Employers are legally required to provide employees with the minimum statutory notice period;
- If the employee has been employed by the business continuously for more than one month but less than two years, they must be given one week’s notice.
- If the employee has been employed by the business continuously for more than two years then they are entitled to one weeks’ notice for every year worked up to a maximum of twelve weeks. For instance, if they have been employed continuously for seven years, they are entitled to seven weeks’ notice.
Although this is the minimum notice period, a longer notice period can be agreed between the employer and employee.
Redundancy pay is calculated based on the age, weekly pay and number of complete years that the business has continuously employed an individual. An employee only qualifies for statutory redundancy pay if they have been with the employer for two years or more.
The amount is calculated as follows:
- Half a week’s pay for each year of employment up until the age of 22
- One week’s pay for each year of employment between the age of 22-40
- One and a half weeks pay for each year of employment over the age of 41
- A maximum of 20 years’ employment can be considered
- There is a statutory maximum limit to a week’s pay, set annually and currently stands at £489 per week.
You can find a redundancy pay calculator on the Gov.uk website.

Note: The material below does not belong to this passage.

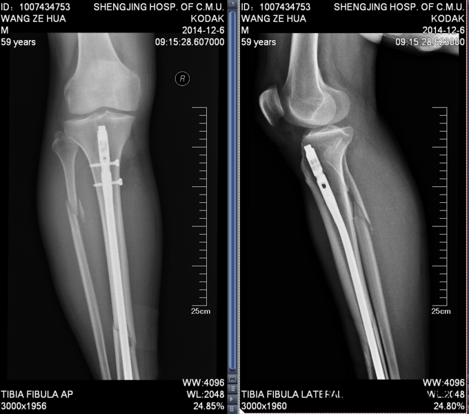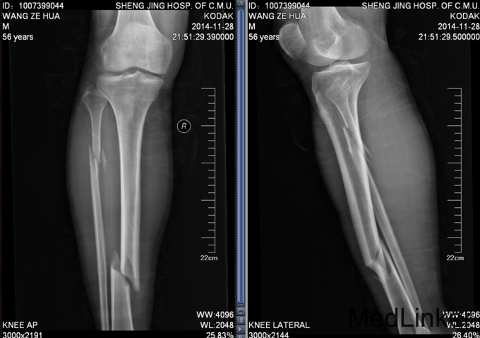 患者2014年11月28日晚上20时自己走路不慎掉入沟中,伤及右小腿,伤后自觉右小腿疼痛明显,肿胀,畸形,遂急诊来中国医科大学盛京医院急诊外科就诊,行右胫腓骨正侧位,提示右胫腓骨骨折,患者为求进一步治疗来我科就诊,急诊以“右胫腓骨骨折”为诊断收入院

There may, of course, be special cases such as when the ownership of a business is being transferred or insolvency – this is somewhat more complicated and we urge employers to seek help from HR professionals in these instances.
Ultimately, if you manage the practice both sensitively and fairly, with a view to minimising the number of redundancies, you can effectively manage the negative impact that the process has on the business. While of course, a business’s bottom line is always taken into account, in the case of redundancies your people should be considered when making any decisions.